Good corporate law advice means developing a custom-tailored solution from the various opportunities provided by law.
Partnership and Corporate Law.
We advise German and international companies, their managing bodies and shareholders on all aspects of corporate law. This includes the entire scope of partnership law, in particular, the law of limited partnerships, silent partnerships and limited partnerships with a limited liability company as a general partner (e.g. GmbH & Co. KGs), stock corporations, limited liability companies, cooperative and group law as well as joint ventures and the ongoing management of corporate law agreements.
We assist in the formation of companies and subesequent restructurings, the drafting of corporate governance documents and all structural and capital measures. This includes, inter alia, transformations, mergers and demergers and the conclusion and implementation of intercompany agreements. If a company is to be terminated, we provide competent support in its liquidation.

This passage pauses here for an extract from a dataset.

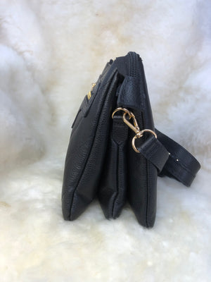Bolsas de couro com pelo. Acompanha alça com opção de regulagem.
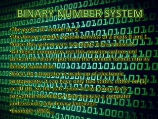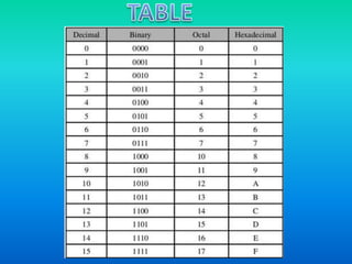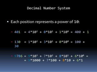 This document provides an overview of different number systems including decimal, binary, octal, and hexadecimal. It defines each system, their bases, examples of conversions between them, and their uses in computing. Decimal is base 10, binary is base 2, octal is base 8, and hexadecimal is base 16. Conversions between binary, decimal, octal and hexadecimal are demonstrated through examples. Number systems are important in computing because binary is used for electronic circuitry, octal and hexadecimal allow more compact notation than binary, and decimal is used for basic calculations.

We fully and completely identify with the objectives of our clients and try to understand their companies as best as possible.
We have extensive experience in preparing articles of association, rules of procedure and shareholders’ agreements and have drafted, implemented and defended as well as contested such in court frequently in many years of activity. We know customary restructuring models for establishing supervisory and advisory boards, shareholder committees and various dealings with groups of shareholders, and have prepared and negotiated them multiple times.

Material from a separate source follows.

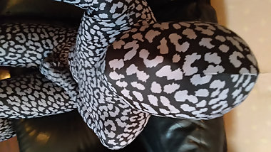 "I masturbated comfortably while being tightened in gray leopard print full-body tights!"
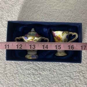 Good vintage condition. No cracks or chips. The tip of the handle on the sugar bowl has broken off, I don’t have the broken piece. See close ups. Please look at all pics and zoom in for a closer view. Measurements in pics.

In all of these measures, we are dedicated to the economic aims of our clients, develop required structures with them and implement them efficiently and cost-effectively. We see our job as a creative process and look beyond the existing corporate law realm as well.
We also support in the preparation and execution of shareholders’ and annual general meetings. For publicly listed companies, this also includes the entire management of the meetings, dealing with critical shareholders and notification and publication requirements in accordance with the German Securities Trading Act as well as the German Stock Corporation Act.